While sifting soil from archaeological excavations the Israel Antiquities Authority is conducting in the City of David, in the 'Walls around Jerusalem National Park', a bulla was discovered bearing the name of the city of Bethlehem, written in ancient Hebrew script.
Three lines of ancient Hebrew script appear on the bulla:
Bishvʽat בשבעת
Bat Lechem בת לים
[Lemel]ekh [למל]
According to Eli Shukron, director of the excavation on behalf of the Israel Antiquities Authority, 'it seems that in the seventh year of the reign of a king (it is unclear if the king referred to here is Hezekiah, Manasseh or Josiah), a shipment was dispatched from Bethlehem to the king in Jerusalem.

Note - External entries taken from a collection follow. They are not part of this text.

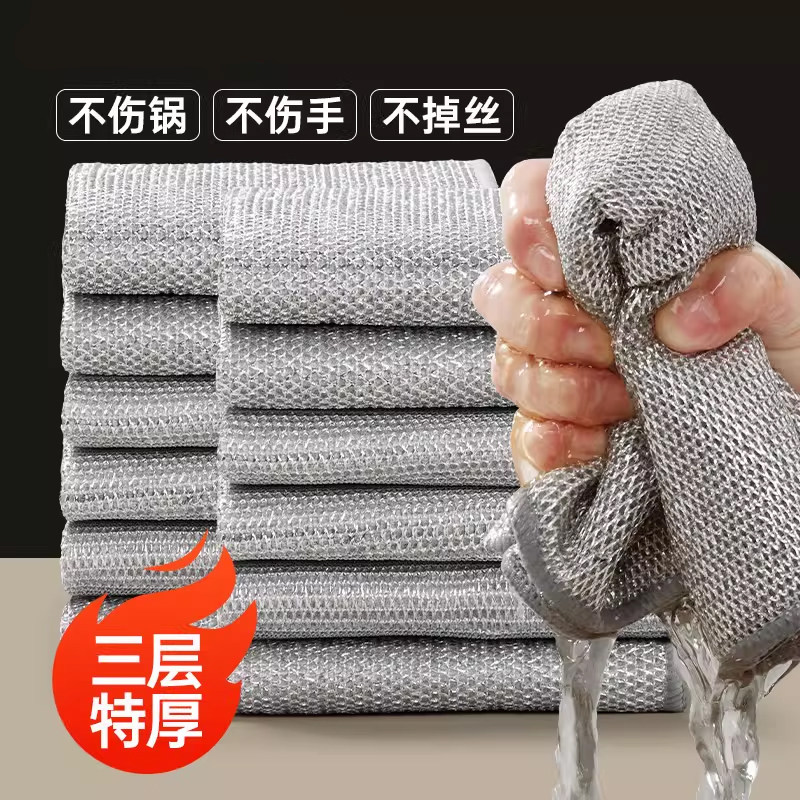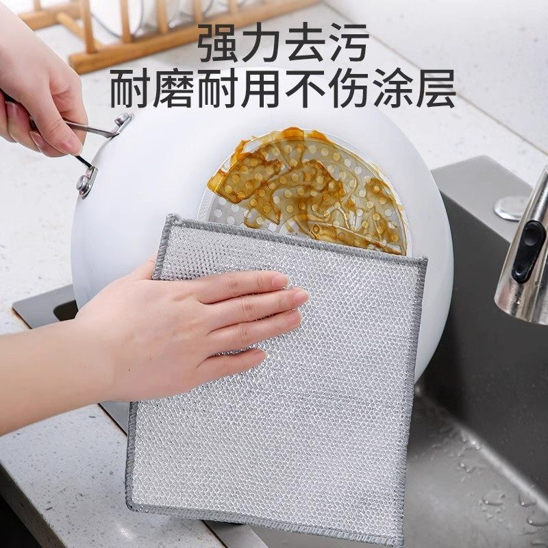 钢丝洗碗布家用不沾油钢丝球抹布厨房专用金属丝清洁布双面银丝
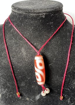 Hạt Thiên Châu ( Dzi ) cổ xưa Dài 3,5cm Phong hóa mạnh lỗ khoan xéo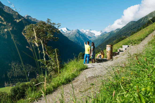 Die Gehöfte in Kartnall gehen auf im 13.Jahrhundert aus Furcht vor Überschwemmungen über dem Tal gerodete landwirtschaftliche Flächen zurück. Vom Freizeitzentrum Neustift laufen wir auf dem Fahrweg in Richtung Freibad und erreichen den von April bis Oktober begehbaren Pfad nach Kartnall. In Serpentinen durchqueren wir ein Waldstück. Nachdem sich der Wald gelichtet hat und der Wanderweg sich sanft ansteigend den Gehöften in Kartnall nähert, erreichen wir nach ca. 45 Minuten den inmitten grüner Wiesen gelegenen Naturschauplatz Kartnall mit herrlichem Panoramablick hinein bis zum Sulzenauferner. Die auf 1.285 m gelegenen Jausenstation Kartnall und Jausenstation Hofer laden mit Tiroler Köstlichkeiten zur Rast ein. Von den Kartnallhöfen folgen wir der Fahrstraße bis zum Bergbauernhof Forchach oberhalb von Milders. Bei trockenem Wetter steigen wir von dort links über einen Steig Richtung Milders ab. Bei nasser Witterung und außerhalb der Sommersaison folgen wir hingegen der Fahrstraße Richtung Oberbergtal. Ab dem Kleinkraftwerk Milders wandern wir entlang dem Oberbergbach. An der Mündung des Oberbergbachs in die Ruetz folgen wir dem Spazierweg zurück ins Ortszentrum von Neustift.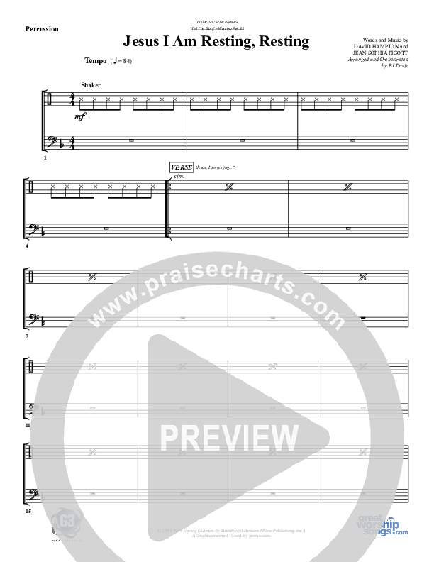 Jesus I Am Resting Resting Percussion Sheet Music PDF (G3 Worship)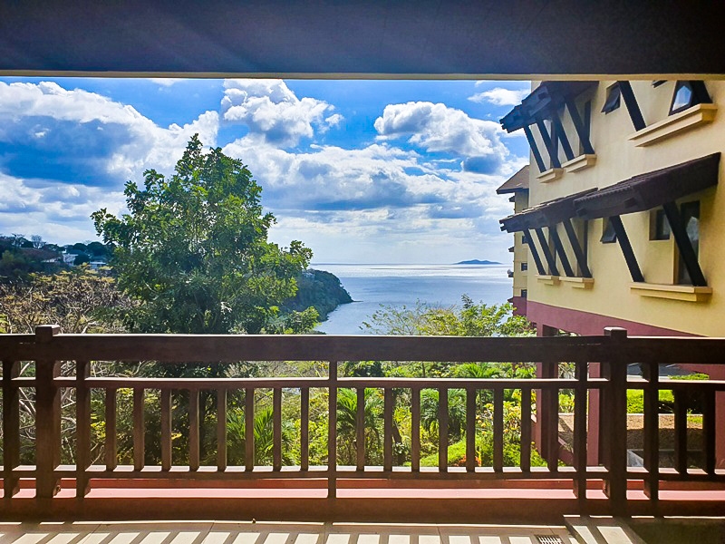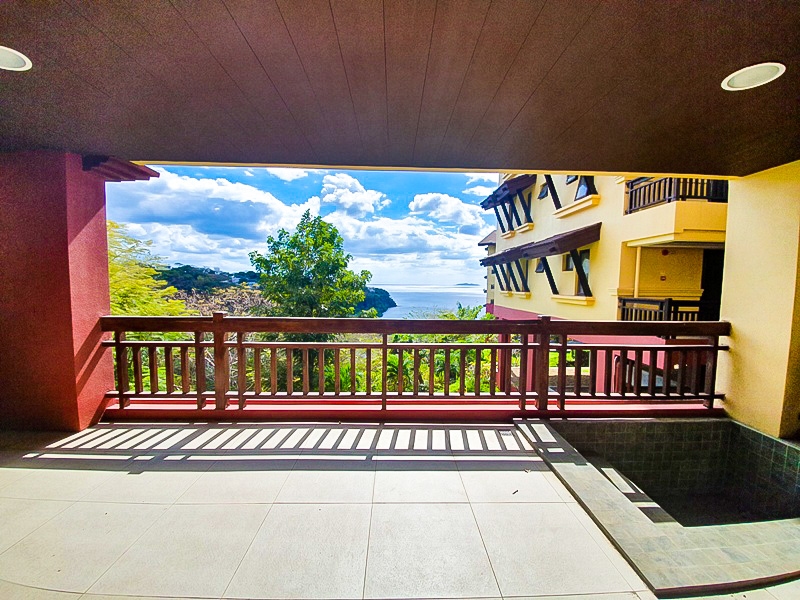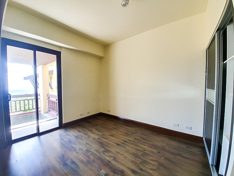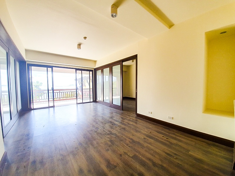 The condo's expansive balcony is accessible from the living room and both bedrooms and provides partial views of the Terrazas cove and the West Philippine Sea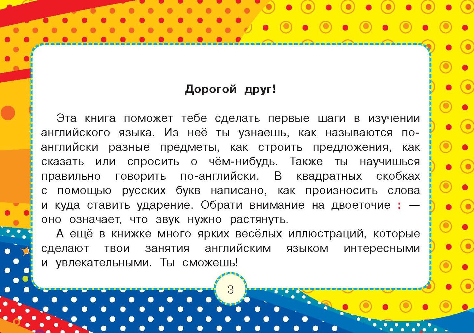 Данное пособие поможет вашему ребенку сделать первые шаги в изучении английского языка. В нем даются основные слова, с которых начинают обучение, простые фразы, вопросы и ответы о семье и окружающих предметах, а также элементарные правила английского языка в доступной для ребенка форме. А яркие веселые картинки сделают обучение увлекательным.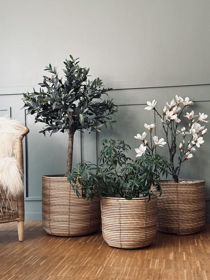 Plantkorgar RATTAN STOR - Set med 3 storlekar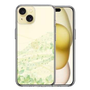 iPhone15Plus ケース クリア 癒しの森 音符 デザイン スマホケース 側面ソフト 背面ハード ハイブリッド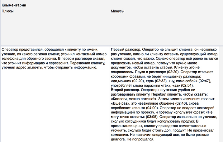 Оставляя комментарии, неопытные специалисты часто допускают одну и ту же ошибку: они пересказывают звонок. Это неправильно. В комментарии нужно описать ошибки менеджера и подкрепить их примерами непосредственно из звонка.
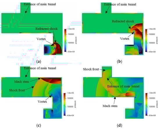 Blast wave propagation in the original protective tunnel for cell size = 100 mm. (a) t = 51 ms; (b) t = 113 ms; (c) t = 161 ms; (d) t = 211 ms.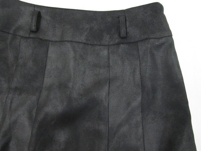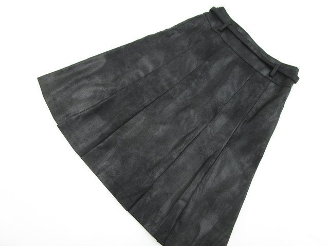 ひざ丈 フェイクレザーフレアスカート 36 ブラック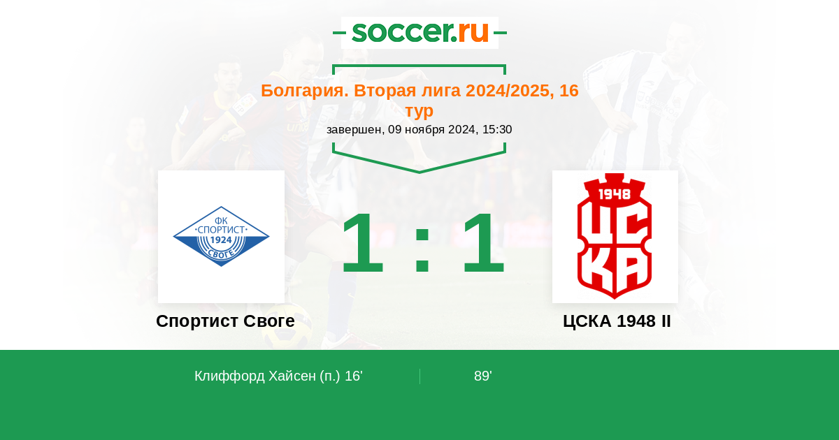 Спортист Своге - ЦСКА 1948 II: обзор матча 9 ноября 2024

The bulla we found belongs to the group of 'fiscal' bullae - administrative bullae used to seal tax shipments remitted to the taxation system of the Kingdom of Judah in the late eighth and seventh centuries BCE. The tax could have been paid in the form of silver or agricultural produce such as wine or wheat'. Shukron emphasizes,' this is the first time the name Bethlehem appears outside the Bible, in an inscription from the First Temple period, which proves that Bethlehem was indeed a city in the Kingdom of Judah, and possibly also in earlier periods'.